◆ **Exercise details**
In the material below, find the line with "Vintage Jj Pewter Climbing Cat 22 Etsy" and the line with "3 lovely large". Output exactly those two lines and all lines between them, leaving out pictures.

START Exercise material

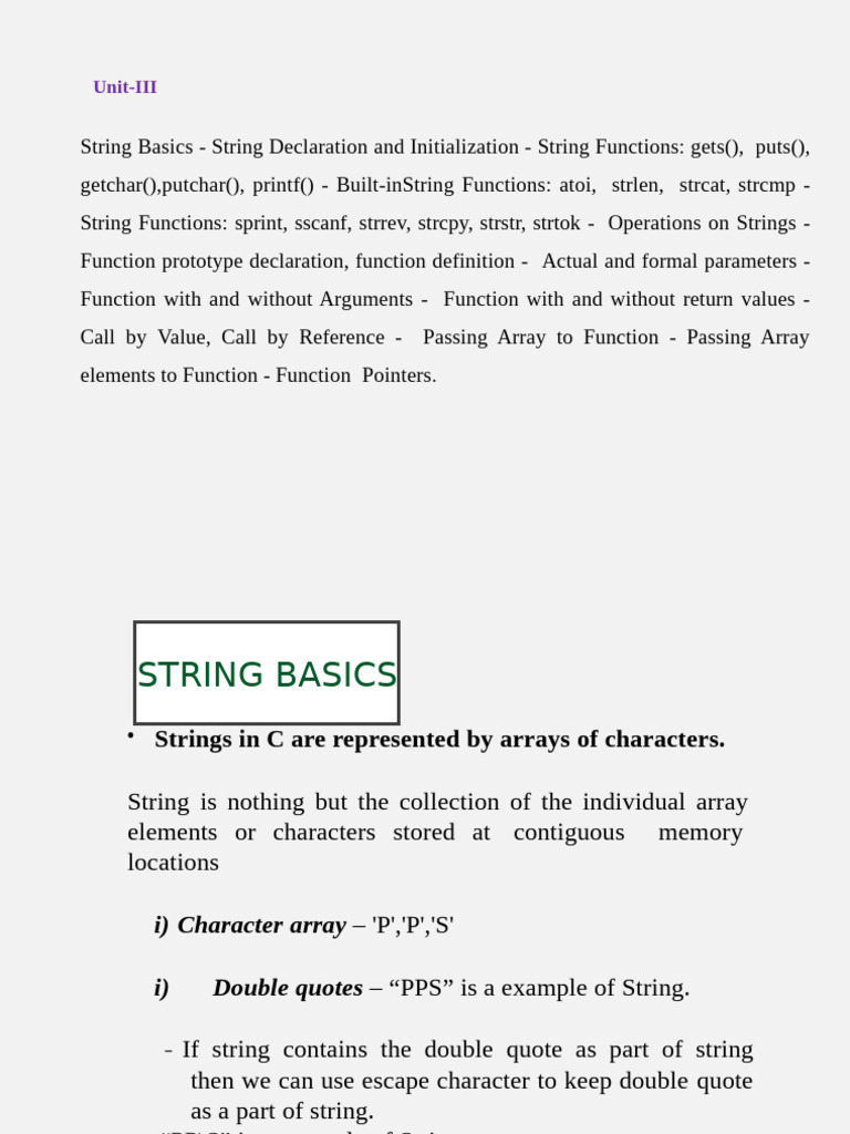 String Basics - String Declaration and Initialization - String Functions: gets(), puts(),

END Exercise material
START Exercise material

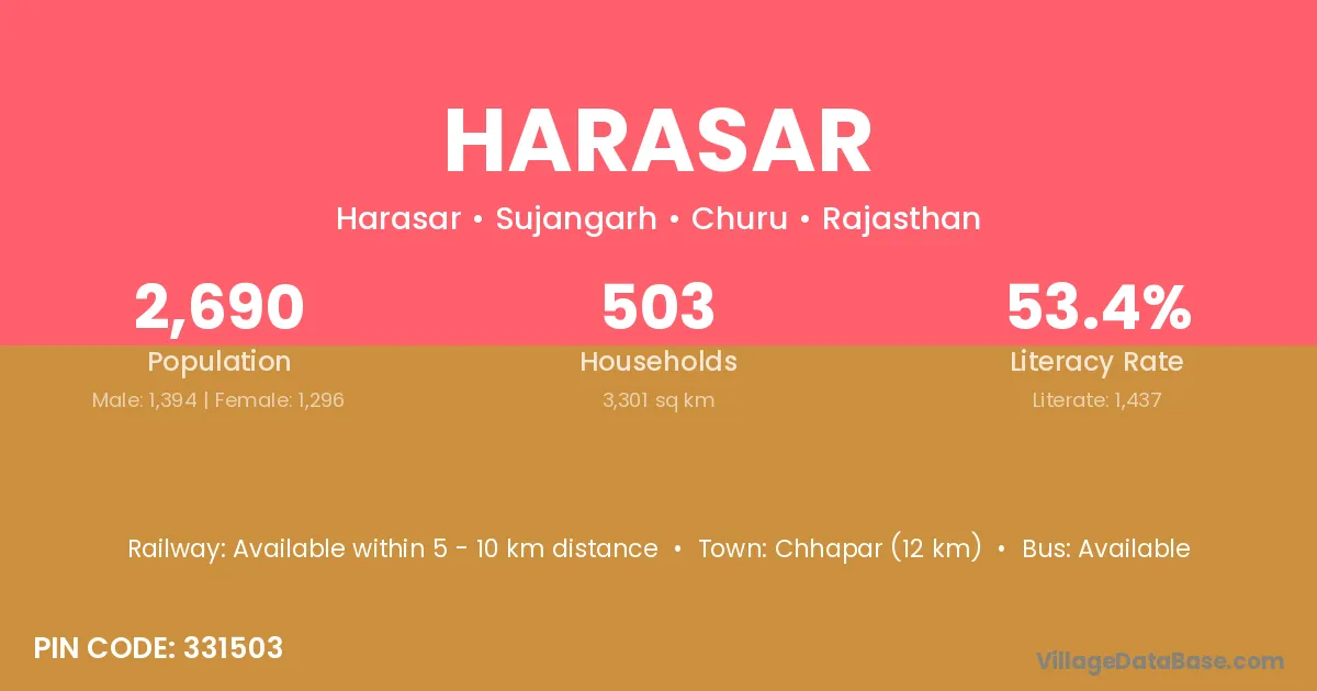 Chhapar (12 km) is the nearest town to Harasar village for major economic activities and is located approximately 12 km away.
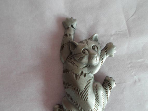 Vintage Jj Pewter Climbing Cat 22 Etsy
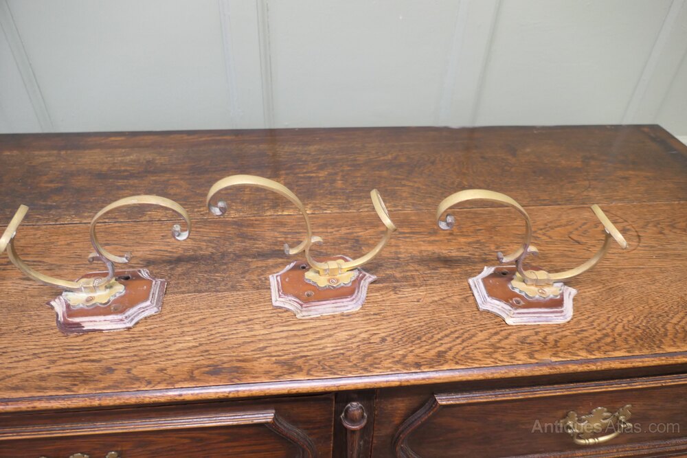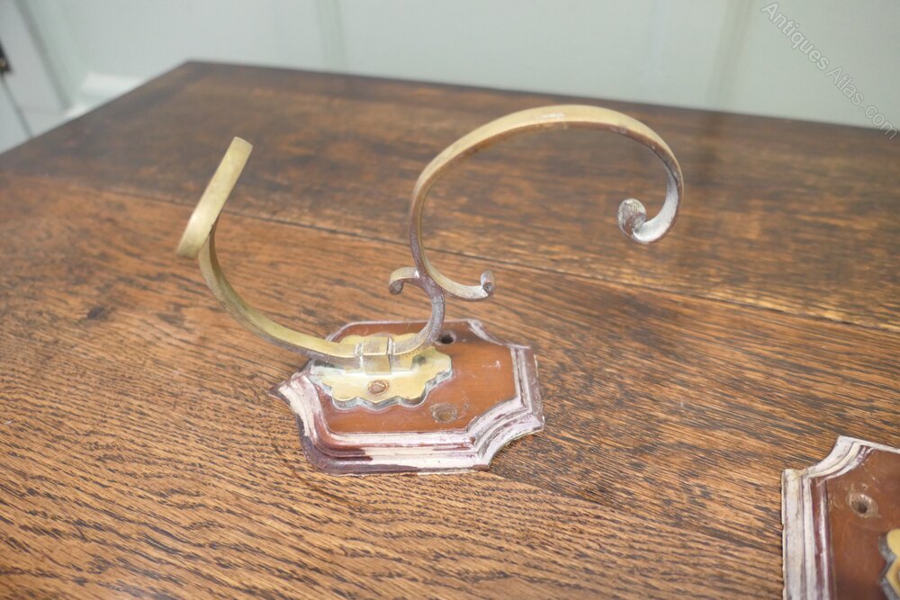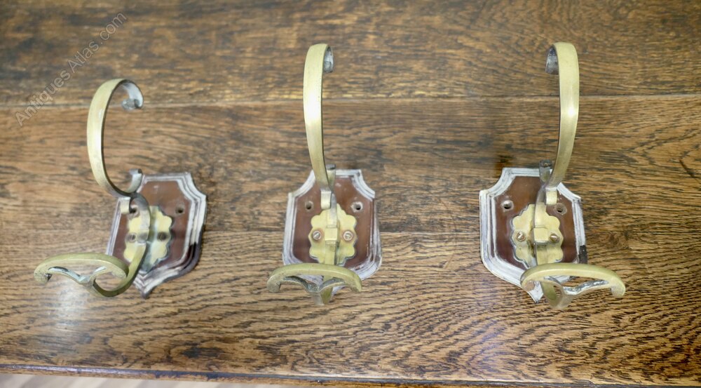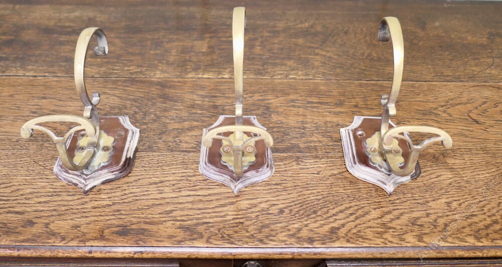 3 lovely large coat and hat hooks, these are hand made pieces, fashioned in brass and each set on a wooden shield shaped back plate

END Exercise material

◆ **Completed task**
 Vintage Jj Pewter Climbing Cat 22 Etsy
 3 lovely large coat and hat hooks, these are hand made pieces, fashioned in brass and each set on a wooden shield shaped back plate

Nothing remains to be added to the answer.